**Work required**
Copy each line of the data below, character for character.

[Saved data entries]
----

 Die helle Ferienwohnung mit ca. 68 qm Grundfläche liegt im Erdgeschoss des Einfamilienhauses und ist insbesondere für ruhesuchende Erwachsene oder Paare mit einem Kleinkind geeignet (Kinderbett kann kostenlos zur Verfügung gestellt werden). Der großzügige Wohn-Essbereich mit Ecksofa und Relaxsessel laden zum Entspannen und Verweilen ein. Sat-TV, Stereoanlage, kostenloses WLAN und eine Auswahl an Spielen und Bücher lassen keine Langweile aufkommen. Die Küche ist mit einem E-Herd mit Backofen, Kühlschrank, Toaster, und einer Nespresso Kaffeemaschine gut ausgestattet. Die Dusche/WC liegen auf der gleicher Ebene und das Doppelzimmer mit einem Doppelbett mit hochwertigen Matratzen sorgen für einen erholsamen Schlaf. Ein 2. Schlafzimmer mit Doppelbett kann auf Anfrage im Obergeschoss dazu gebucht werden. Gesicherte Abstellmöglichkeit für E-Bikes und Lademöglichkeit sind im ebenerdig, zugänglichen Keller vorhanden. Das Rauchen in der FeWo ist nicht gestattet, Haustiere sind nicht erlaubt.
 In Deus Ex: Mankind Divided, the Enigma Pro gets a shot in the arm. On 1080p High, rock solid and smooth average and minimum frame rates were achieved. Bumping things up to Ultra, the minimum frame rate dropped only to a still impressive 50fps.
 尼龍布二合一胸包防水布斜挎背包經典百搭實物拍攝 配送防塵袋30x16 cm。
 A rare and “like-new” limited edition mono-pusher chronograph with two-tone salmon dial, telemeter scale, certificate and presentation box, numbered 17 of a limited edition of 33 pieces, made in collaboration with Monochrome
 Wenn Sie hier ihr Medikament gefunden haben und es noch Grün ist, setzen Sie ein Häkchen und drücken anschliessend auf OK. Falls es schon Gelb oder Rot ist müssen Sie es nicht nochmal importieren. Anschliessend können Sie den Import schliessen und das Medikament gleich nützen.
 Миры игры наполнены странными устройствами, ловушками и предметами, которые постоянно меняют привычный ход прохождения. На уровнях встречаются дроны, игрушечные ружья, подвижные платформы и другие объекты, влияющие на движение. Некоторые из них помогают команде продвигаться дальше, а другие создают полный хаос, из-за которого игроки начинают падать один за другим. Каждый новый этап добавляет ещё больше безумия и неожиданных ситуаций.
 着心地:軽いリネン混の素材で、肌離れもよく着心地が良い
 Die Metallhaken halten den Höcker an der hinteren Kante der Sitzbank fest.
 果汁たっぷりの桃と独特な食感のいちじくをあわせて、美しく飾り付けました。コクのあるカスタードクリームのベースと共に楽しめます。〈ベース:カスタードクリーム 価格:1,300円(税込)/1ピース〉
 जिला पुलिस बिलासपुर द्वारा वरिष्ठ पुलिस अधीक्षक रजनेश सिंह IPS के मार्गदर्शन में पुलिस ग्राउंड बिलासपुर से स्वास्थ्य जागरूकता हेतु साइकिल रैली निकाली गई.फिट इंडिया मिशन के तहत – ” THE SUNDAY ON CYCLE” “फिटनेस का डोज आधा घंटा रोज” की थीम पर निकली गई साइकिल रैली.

----

**Exercise solution**
 Die helle Ferienwohnung mit ca. 68 qm Grundfläche liegt im Erdgeschoss des Einfamilienhauses und ist insbesondere für ruhesuchende Erwachsene oder Paare mit einem Kleinkind geeignet (Kinderbett kann kostenlos zur Verfügung gestellt werden). Der großzügige Wohn-Essbereich mit Ecksofa und Relaxsessel laden zum Entspannen und Verweilen ein. Sat-TV, Stereoanlage, kostenloses WLAN und eine Auswahl an Spielen und Bücher lassen keine Langweile aufkommen. Die Küche ist mit einem E-Herd mit Backofen, Kühlschrank, Toaster, und einer Nespresso Kaffeemaschine gut ausgestattet. Die Dusche/WC liegen auf der gleicher Ebene und das Doppelzimmer mit einem Doppelbett mit hochwertigen Matratzen sorgen für einen erholsamen Schlaf. Ein 2. Schlafzimmer mit Doppelbett kann auf Anfrage im Obergeschoss dazu gebucht werden. Gesicherte Abstellmöglichkeit für E-Bikes und Lademöglichkeit sind im ebenerdig, zugänglichen Keller vorhanden. Das Rauchen in der FeWo ist nicht gestattet, Haustiere sind nicht erlaubt.
 In Deus Ex: Mankind Divided, the Enigma Pro gets a shot in the arm. On 1080p High, rock solid and smooth average and minimum frame rates were achieved. Bumping things up to Ultra, the minimum frame rate dropped only to a still impressive 50fps.
 尼龍布二合一胸包防水布斜挎背包經典百搭實物拍攝 配送防塵袋30x16 cm。
 A rare and “like-new” limited edition mono-pusher chronograph with two-tone salmon dial, telemeter scale, certificate and presentation box, numbered 17 of a limited edition of 33 pieces, made in collaboration with Monochrome
 Wenn Sie hier ihr Medikament gefunden haben und es noch Grün ist, setzen Sie ein Häkchen und drücken anschliessend auf OK. Falls es schon Gelb oder Rot ist müssen Sie es nicht nochmal importieren. Anschliessend können Sie den Import schliessen und das Medikament gleich nützen.
 Миры игры наполнены странными устройствами, ловушками и предметами, которые постоянно меняют привычный ход прохождения. На уровнях встречаются дроны, игрушечные ружья, подвижные платформы и другие объекты, влияющие на движение. Некоторые из них помогают команде продвигаться дальше, а другие создают полный хаос, из-за которого игроки начинают падать один за другим. Каждый новый этап добавляет ещё больше безумия и неожиданных ситуаций.
 着心地:軽いリネン混の素材で、肌離れもよく着心地が良い
 Die Metallhaken halten den Höcker an der hinteren Kante der Sitzbank fest.
 果汁たっぷりの桃と独特な食感のいちじくをあわせて、美しく飾り付けました。コクのあるカスタードクリームのベースと共に楽しめます。〈ベース:カスタードクリーム 価格:1,300円(税込)/1ピース〉
 जिला पुलिस बिलासपुर द्वारा वरिष्ठ पुलिस अधीक्षक रजनेश सिंह IPS के मार्गदर्शन में पुलिस ग्राउंड बिलासपुर से स्वास्थ्य जागरूकता हेतु साइकिल रैली निकाली गई.फिट इंडिया मिशन के तहत – ” THE SUNDAY ON CYCLE” “फिटनेस का डोज आधा घंटा रोज” की थीम पर निकली गई साइकिल रैली.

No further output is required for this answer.